El interior del vehículo se llenó de un silencio espeso, solo interrumpido por el leve parpadeo de las luces de colores de la feria que se filtraban a través de las ventanillas. La pequeña, con las mejillas empapadas de lágrimas y la mirada suplicante, se aferraba con fuerza al cinturón de seguridad, incapaz de apartar de su mente la imagen del niño que había visto solo y llamando a su madre.
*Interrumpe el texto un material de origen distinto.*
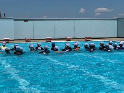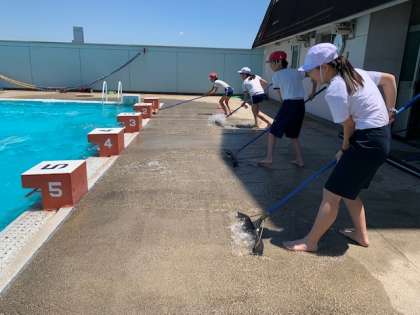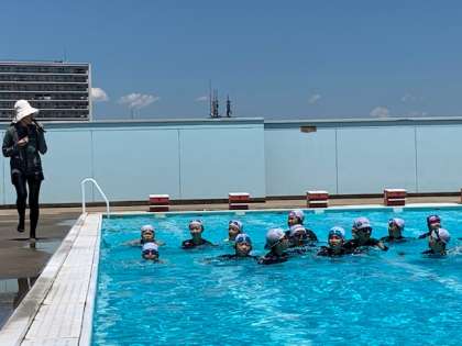 子どもたち、プールの真ん中に集結して、何やら物々しい雰囲気。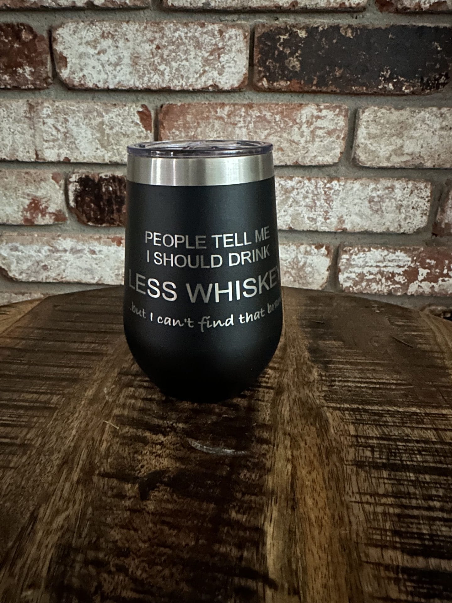 This tumbler has been engraved with PEOPLE TELL ME I SHOULD DRINK LESS WHISKEY... but I can't find that brand. It is the only one we have of this kind.

—Papá, por favor, tenemos que volver. Había un niño allí, era pequeño, estaba solo y llamaba a su mamá. No podemos dejarlo. Si fuera yo, ¿no querrías que alguien se detuviera? —suplicó la niña con la voz temblorosa, apelando al corazón de su padre.
El padre, con las manos firmemente posadas sobre el volante y el ceño fruncido por la preocupación, la miró fijamente. En su rostro se reflejaba la lucha interna entre la prisa por regresar a casa y la profunda verdad innegable en las palabras de su hija.
—Tienes razón. Quédate aquí con el cinturón puesto —respondió él con firmeza, tomando una decisión que cambiaría el curso de la noche.
Sin pensarlo dos veces, abrió la puerta del auto dispuesto a adentrarse de nuevo entre la multitud de la feria para buscar al pequeño abandonado, demostrando que la empatía y la compasión siempre deben ser la prioridad, incluso cuando el mundo a nuestro al rededor parece marchar de prisa.